Короче, здесь можно встретить самые необыкновенные скрещивания и комбинации — настоящее “искусство трансфигурации”, которое в предисловии к “Весёлой науке” и отождествляется собственно с философией: скажем, Гёте, заражённый Гёльдерлином, или Фридрих Альберт Ланге, автор “Истории материализма”, неожиданно соседствующий с изумительными росчерками чисто новалисовской фантазии. Совершенно уникальные неожиданности по этой части ожидают читателя в “Весёлой науке”, этой, может быть, самой моцартовской книге в мире, написанной “на языке весеннего ветра”, без всякого сомнения, и на “птичьем языке”, — книге, редчайшим образом сочетающей в себе глубоко народную, местами даже мужицкую соль с истончённой delicatezza едва уловимых намёков и дуновений, как если бы именно на свирельном фоне пейзажей Клода Лоррена пришлось загулять волынке брейгелевских свадеб(См. Третье дополнение). Философу, воспитанному в строгих традициях теоретико-познавательной дисциплины, и в самом дурном сне не приснилось бы, что можно употребить в познание — дурачества и гримасничанье, стало быть, дурачась и гримасничая, — познавать, и причём познавать ту именно микрофизику проблем, которая, как оказалось, и не могла быть познана иначе.

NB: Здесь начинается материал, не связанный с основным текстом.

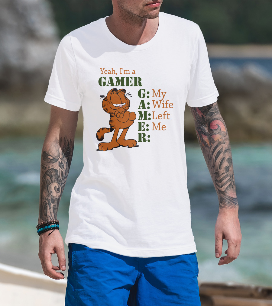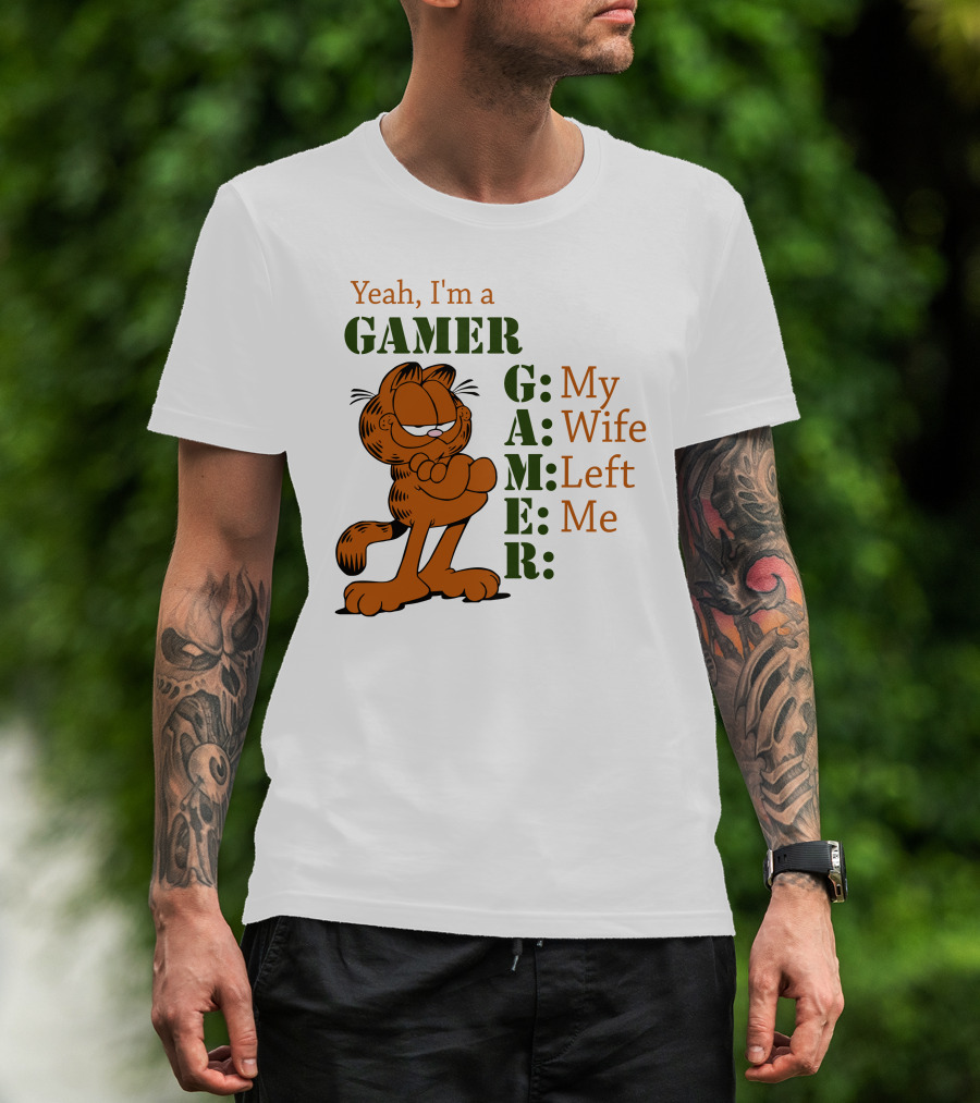 Yeah I'm A Gamer My Wife Left Me Garfield T-Shirt

Надо представить себе ни больше ни меньше как моцартовского баловня, птичьего кавалера Папагено (в инсценировках “Весёлой науки” он частый затейник), интервьюируемого по части “морального”… Необычна уже сама увертюра к книге: “Шутка, хитрость и месть” — мастерский зингшпиль в 63 крохотных актах, настоящий шедевр дидактических капризов и притворствующих “моралите”, окунающий саму мораль в посвистывающую уленшпигелевскую стихию немецкого языка и демонстрирующий скандальное — на этот раз — рождениепародиииз духа музыки.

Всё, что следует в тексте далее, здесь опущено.